[Records contained in a dataset]
--------------------------------

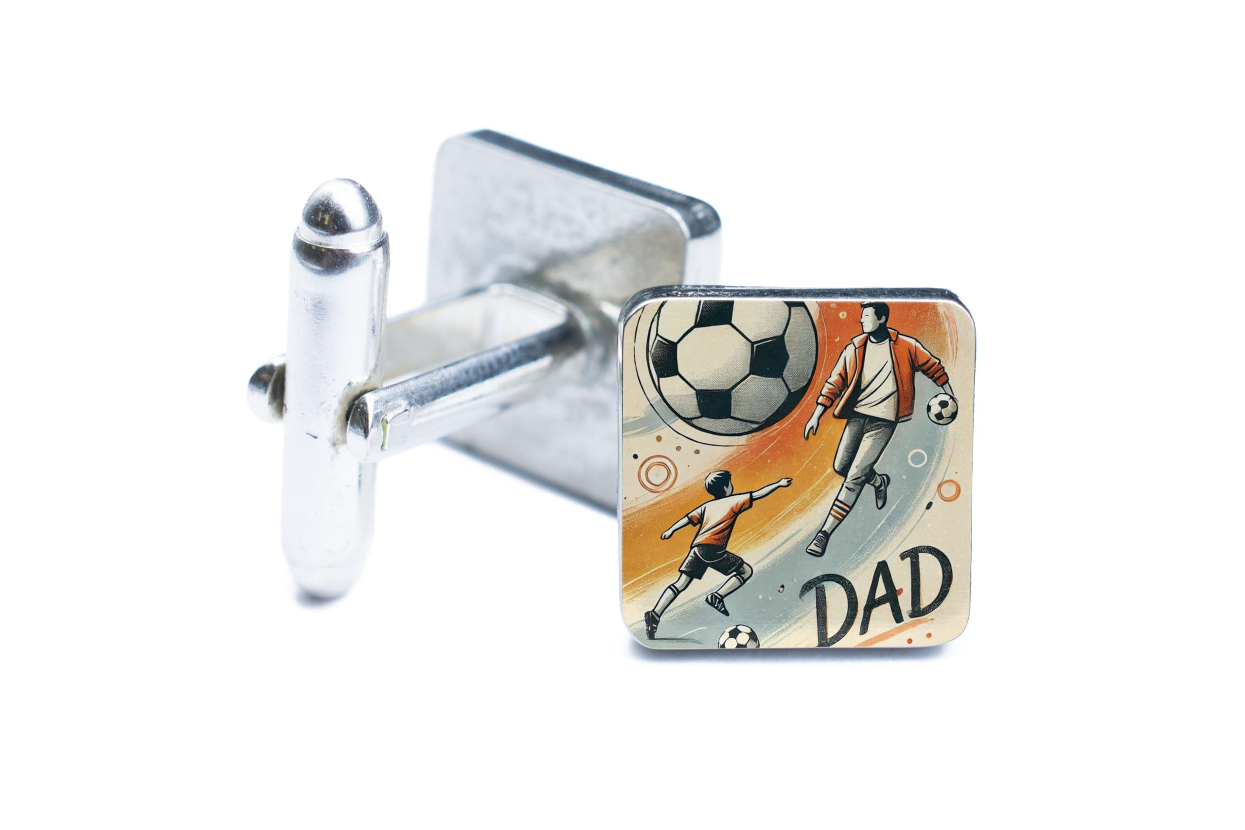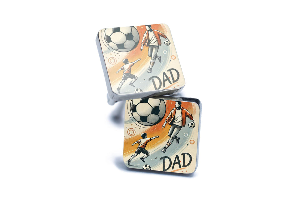 • UV printed cufflinks featuring a father-son soccer theme, perfect for men who love sports
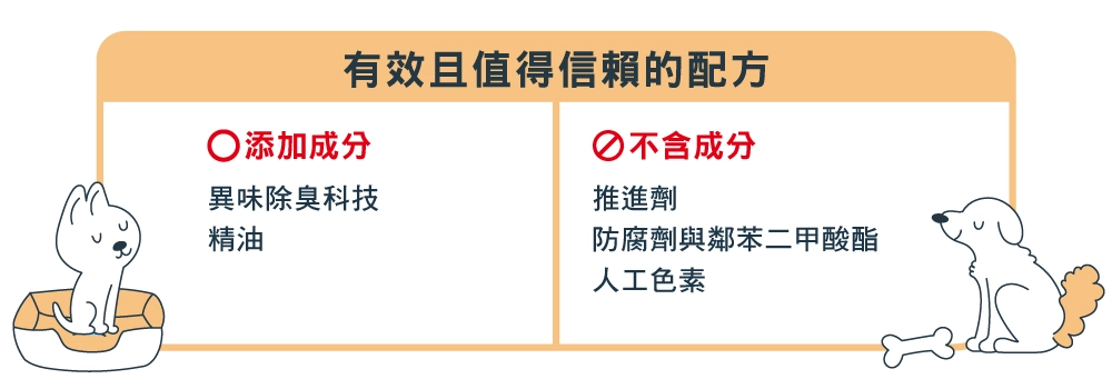 結合除臭技術與精油,從源頭對抗寵物氣味與異味,而非僅僅以香味掩蓋。
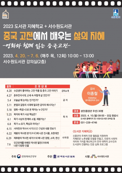 도서관 지혜학교는 ‘중국 고전에서 배우는 삶의 지혜’를 주제로 4월 20일에서 7월 6일까지 매주 목요일 12회에 걸쳐 진행된다.
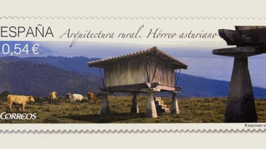 Y para finalizar, un sello emitido en el año 2014 de una serie denominada 'Arquitectura rural' y que está dedicado a una construcción tradicional en muchas partes de la geografía de la provincia de León como es el hórreo, aunque el sello se emitió bajo el título de Hórreo asturiano. No en vano indican los expertos que el hórreo construido en madera más antiguo de España se encuentra en Las Bodas, Boñar.
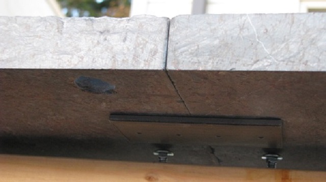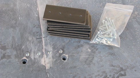 Steel plate joining slates together.
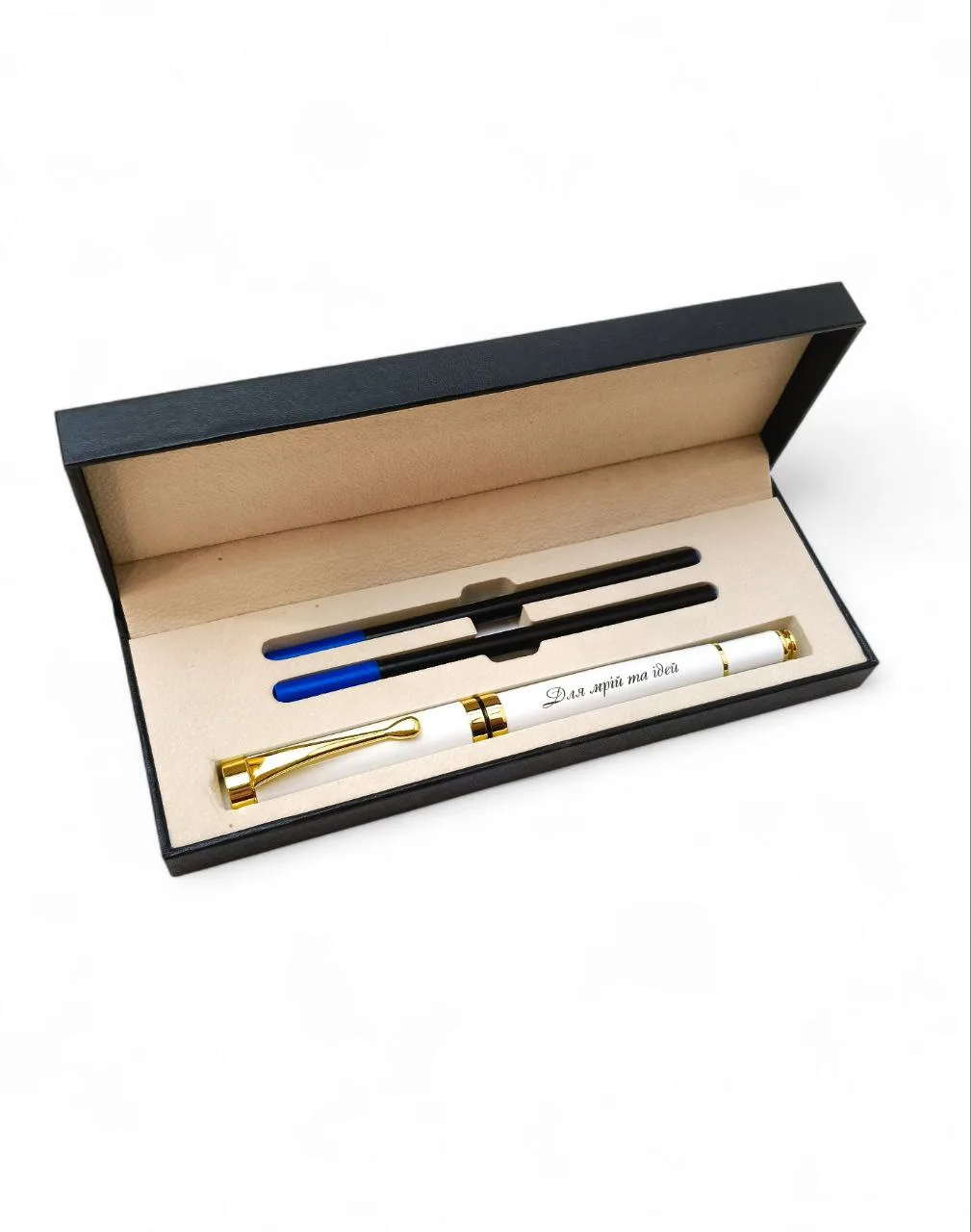 Преміальна модель ручки в оригінальному подарунковому футлярі з запасними стержнями.
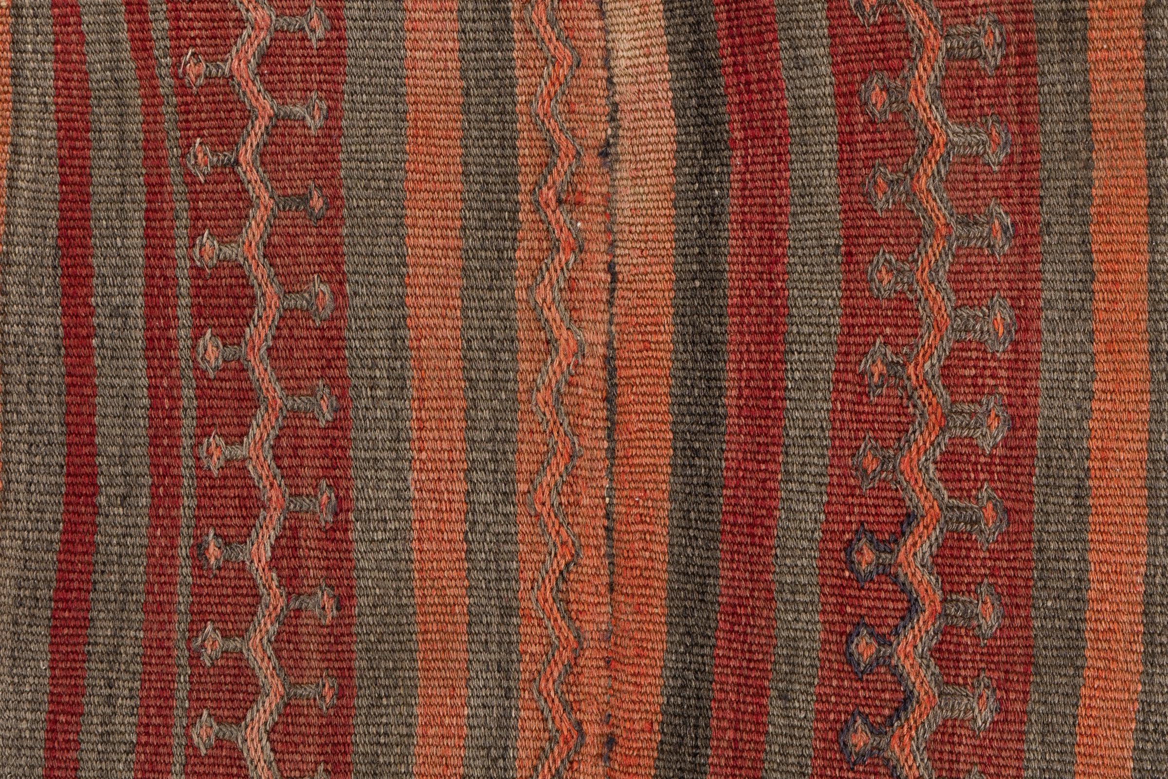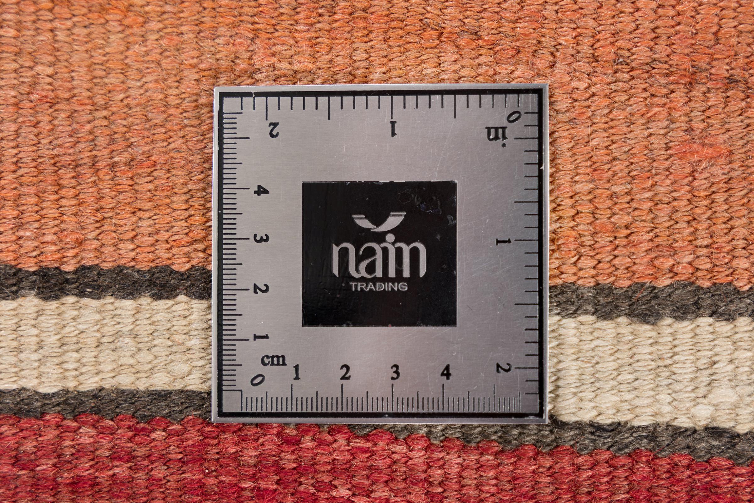 This rug was made as a flat weave by hand on a loom. Flatweave is the term used to describe rugs that have no pile. As the name promises, these rugs are woven and not knotted. This results in a flat rug with a structured surface. Flatweaves are not as soft and usually thinner than knotted rugs. At the same time they are much less complex to manufacture and can usually be laid out from both sides (front and back). Their patterns are usually geometric, which is determined by the fabric.
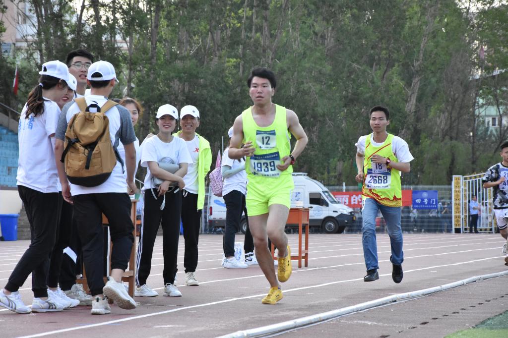 下午三点,22名运动员来到田径场上,做着最后的热身运动。接下来,他们将代表古天乐代言太阳集团征战,用一个多月的训练成果为公司争得荣誉。首先进行的是时代列车的比赛。运动员们把双手搭在队员的肩膀上,排成一列。听到出发的枪声,运动员迈开整齐的步伐,喊着响亮的口号,向目标前进。尽管在刚开始有些落后,运动员们不骄不躁,沉着应对,在默契的配合下成功冲过终点。接下来进行的是男生组5000米的比赛。随着一声枪响,一道道身影冲出起跑线,沿着环形的跑道向终点迈进。迎着猛烈的太阳,运动员的体能在缓慢的下降,可是他们依旧在坚定地向前跑,不辜负公司的期望,顺利完成了5000米的长跑。
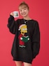 シンプソンズのデザインのニットワンピ✨ クリスマスソングを歌ってる?表情が可愛い♡ 赤いバッグでクリスマスコーデ🎄

--------------------------------

### What is being asked:
Go through the entries above and write them out again exactly, images left behind.

### Expected answer:
 • UV printed cufflinks featuring a father-son soccer theme, perfect for men who love sports
 結合除臭技術與精油,從源頭對抗寵物氣味與異味,而非僅僅以香味掩蓋。
 도서관 지혜학교는 ‘중국 고전에서 배우는 삶의 지혜’를 주제로 4월 20일에서 7월 6일까지 매주 목요일 12회에 걸쳐 진행된다.
 Y para finalizar, un sello emitido en el año 2014 de una serie denominada 'Arquitectura rural' y que está dedicado a una construcción tradicional en muchas partes de la geografía de la provincia de León como es el hórreo, aunque el sello se emitió bajo el título de Hórreo asturiano. No en vano indican los expertos que el hórreo construido en madera más antiguo de España se encuentra en Las Bodas, Boñar.
 Steel plate joining slates together.
 Преміальна модель ручки в оригінальному подарунковому футлярі з запасними стержнями.
 This rug was made as a flat weave by hand on a loom. Flatweave is the term used to describe rugs that have no pile. As the name promises, these rugs are woven and not knotted. This results in a flat rug with a structured surface. Flatweaves are not as soft and usually thinner than knotted rugs. At the same time they are much less complex to manufacture and can usually be laid out from both sides (front and back). Their patterns are usually geometric, which is determined by the fabric.
 下午三点,22名运动员来到田径场上,做着最后的热身运动。接下来,他们将代表古天乐代言太阳集团征战,用一个多月的训练成果为公司争得荣誉。首先进行的是时代列车的比赛。运动员们把双手搭在队员的肩膀上,排成一列。听到出发的枪声,运动员迈开整齐的步伐,喊着响亮的口号,向目标前进。尽管在刚开始有些落后,运动员们不骄不躁,沉着应对,在默契的配合下成功冲过终点。接下来进行的是男生组5000米的比赛。随着一声枪响,一道道身影冲出起跑线,沿着环形的跑道向终点迈进。迎着猛烈的太阳,运动员的体能在缓慢的下降,可是他们依旧在坚定地向前跑,不辜负公司的期望,顺利完成了5000米的长跑。
 シンプソンズのデザインのニットワンピ✨ クリスマスソングを歌ってる?表情が可愛い♡ 赤いバッグでクリスマスコーデ🎄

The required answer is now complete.